I think I should start blogging. Twitter looks interesting. Think a Facebook fanpage will work wonders. Videos on YouTube are just up our alley. And so on. These are the kinds of things going through the minds of plenty of communicators at any sort of organisation in Brussels (and elsewhere for that matter) who work on issues and policy areas in which they want to exert some influence. And for good reason. The tools are cheap and cheerful, they’ve been proven to work, they fit an age of public relations in which engagement and humility are the order of the day, and what’s more, they’re fun.
However, as enticing as the tools may seem and as easy as you may think it will be to just try, test and see, I’d stress that rather than dive in and use the tools from the off, it’s imperative to have a long-term online engagement plan and to take a step-by-step approach that will help maximise the potential of your efforts.
I’ve developed a basic 4-pillar model which can be applied to a lot of organisations seeking to engage online. By no means am I introducing any brand new concepts, but I think the model is handy in that it puts the various elements of engagement in the order in which they should go if an organisation starting anew wants to make the best of the opportunities on offer. Here goes.
1. Making sense of what’s out there: web as hub
This involves two bits: first, the listening piece (one of the prime social media clichés but oh so necessary), and second, making the listening set-up public via aggregation or hyperlinking.
The listening bit simply means that you perform a thorough analysis of what offline stakeholders are up to to online, as well as find online players who might not have an offline profile. You set up a dashboard so you can follow what they are communicating on a daily basis, and once you feel that you have a really good idea of how the issue is unfolding online, who the key content creators and influencers are, you make that knowledge public i.e. you “counter the fragmentation” and become the player that makes sense of the issue online and isn’t afraid of showcasing other stakeholders who might not tow the exact same line.
2. Start communicating: “show me, not trust me”
This is when you actually start communicating yourself in this new space; where you start showcasing action rather than staying quiet and hoping that people will trust you – hence “show me, not trust me”.
By performing step 1, you’ve got a good understanding of who the players are and what’s expected, you have some goodwill, and you’re unlikely to make any dumb mistakes. So you’re well placed to develop a strategy to communicate using social media within this space to showcase yourself, your take on your issue, and your people via, say, blogging or video (choice of tools is secondary, it largely depends on where the activity is, what your sector is etc.) In addition, you should use the space to show your third-party advocates, and remember, always remain respectful and honest.
3. Stakeholder dialogue
Steps 3 and 4 are the organic evolution of steps 1 and 2: they rely largely on the involvement of the online community which you can not control, so it’s about creating the right circumstances for that community to thrive rather than introducing a new set of tools.
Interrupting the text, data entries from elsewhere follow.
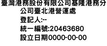臺灣港務股份有限公司基隆港務分公司臺北港營運處-統編:20463680
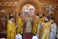 Его Высокопреосвященству сослужили благочинный Домодедовского церковного округа протоиерей Владислав Гусар, настоятель храма священник Александр Королев, духовенство благочиния.
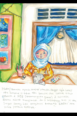 こんにちは!私の名前はアユンダ・ララサティ・プラミトですが、ララスと呼んでください。私は11歳です。出身はインドネシアの東ロンボク(ロンボク島の東側)、正確にはNTB(ヌサ・トゥンガラ・バラット)というところです。趣味は絵を描くことです。今回初めて日本の絵日記コンクールに参加できてとてもうれしいです!
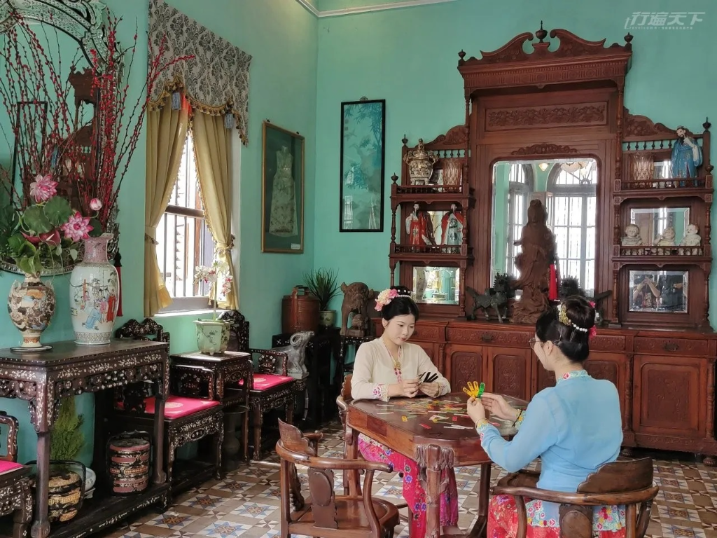 ▲ 想更深入認識娘惹文化,不妨前往檳城僑生博物館(Penang Peranakan Museum),踏入這座19世紀富商的宅邸。雕花木門、手繪瓷磚與歐洲水晶吊燈交織出華貴氛圍,遊客還可換穿娘惹服飾遊覽,彷彿穿越至英殖民時期的檳城。

By bringing information together and beginning to engage using the tools yourself, you should hopefully have begun a process by which an online conversation has taken off in which you are an important contributor. To get to this next level, where real dialogue is taking place, you need to carry on what you’re doing i.e. communicating a message that resonates and to make sure you are constantly feeding the conversation by replying to people’s questions and comments, and remember to always respond to community concerns and interests rather than spouting key messages.
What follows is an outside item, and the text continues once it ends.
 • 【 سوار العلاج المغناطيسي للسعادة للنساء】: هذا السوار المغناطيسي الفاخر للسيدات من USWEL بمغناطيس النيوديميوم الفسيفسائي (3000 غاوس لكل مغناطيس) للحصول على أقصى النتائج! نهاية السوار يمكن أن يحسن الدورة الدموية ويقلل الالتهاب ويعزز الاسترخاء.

Assuming you are doing all of this well, you have a fantastic opportunity to be leading and shaping “stakeholder dialogue” and thus take a thought leadership position on your issue.
4. Community and mobilisation
This is the holy grail of online communications. If steps 1-3 are successful, you may have created a community of people who mobilise on your behalf: these are people who support your position and spread your message for you without you actually being involved. In practice, this can involve anything from people simply sending your material to others, urging others to follow you on Twitter or sign a petition, to actively approaching legislators themselves.
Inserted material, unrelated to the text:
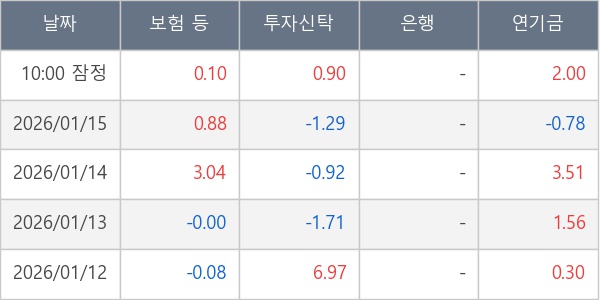 [표] 주요 기관별 순매매량 (단위 만주)

As a benchmark on a huge scale for “community and mobilisation” I’d cite the Obama presidential campaign. It wasn’t the millions of Facebook followers who got Obama’s message directly in their Inboxes who were the root of the success, but the core supporters who mobilised on his behalf, whether by sending newsletters, arranging events or knocking on doors and so on.
Sure, Obama is Obama and we’re talking about a US presidential campaign, but on a smaller scale, the model is still relevant. By engaging with people, getting them excited about your issue, and giving them the right tools and content, you too can turn your supporters into ambassadors.
I’ll be following up on this post in the coming weeks to expand a little more on the 4 pillars. Would appreciate feedback.